View attachment 27106


What colour is this? There is a pinkish colour and its not the normal blue check.

The father is a blue check carrying recessive red, opal or indigo cannot decipher which and possibly pale as an offspring was lighter then normal recessive red. Mother grizzle. Grand parents mother's side were red grizzle and blue bar. Father's side unknown.


----------



## thepigeonkey (Oct 12, 2011)

Is the mother red grizzle or blue?
It looks like a blue cheque, dilute or pale with indigo. Not opal. Maybe het rec red.


----------



## Roller lover (Dec 27, 2012)

Mother is blue grizzle


----------



## NZ Pigeon (Nov 12, 2011)

Why did you start a second thread.

This is what I posted there

I am thinking its a dilute blue check also known as silver check.

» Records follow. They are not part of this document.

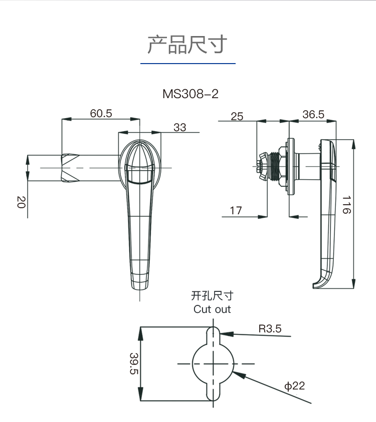 MS308-2/3不锈钢工业配电箱电柜执手锁开关控制柜门把手锁
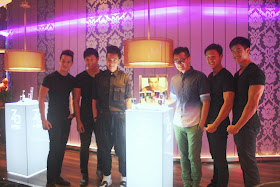 Local male TV celebrities and actors, Jeffrey Cheng (left) and William San (right) at the Za media launch recently, with the rest of the young male models.
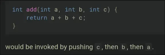 - Arguments are placed onto the stack from right-to-left
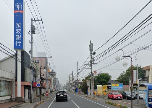 右に曲がったらそのまままっすぐ進むよ。途中で筑波銀行の前を通るよ。
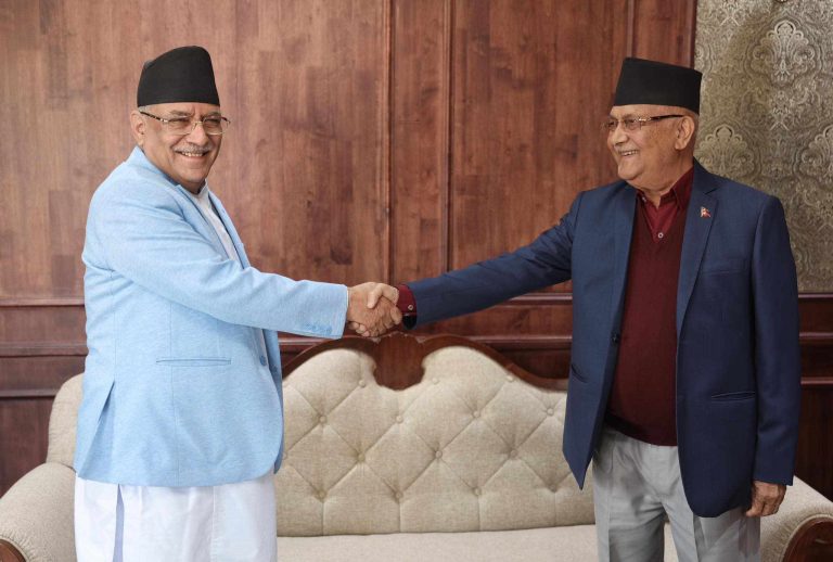 काठमाडौं । आसन्न राष्ट्रिय सभा निर्वाचनमा आफूहरुलाई शून्य नबनाइदिन नेकपा (एमाले) अध्यक्ष केपी शर्मा ओलीले प्रधानमन्त्री पुष्पकमल दाहाल ‘प्रचण्ड’ सँग आग्रह गरेका छन् । नेकपा (एकीकृत समाजवादी) का नेता राजेन्द्रप्रसाद पाण्डेले प्रधानमन्त्री प्रचण्डसँग एमाले अध्यक्ष ओलीले आफूहरुलाई पनि राष्ट्रिय सभामा केही सिट दिन भनेपछि एमालेलाई पनि सहभागी गराउने गरी छलफल भएको दाबी गरे ।

In saying all this the pic is very blurry with poor lighting so it could have other things in the mix. Do you have a pic of the tail bar as this will determine whether or not Indigo is in the mix.


----------



## tmaas (May 17, 2012)

The pic looks like a brown check to me but it's probably a dilute blue since the father has produced dilute before.


----------



## Roger Siemens (Nov 12, 2011)

i have the same colour bird it came from two blues, the fellow i got her from called her dun.
i have her mom and dad hoping its in that family, great looking bird uh?


----------



## MaryOfExeter (Sep 30, 2007)

Not pale. It is dilute.


----------



## Roger Siemens (Nov 12, 2011)

ok can you please explain dilute , on this bird or one like it simply as possible thank you


----------



## MaryOfExeter (Sep 30, 2007)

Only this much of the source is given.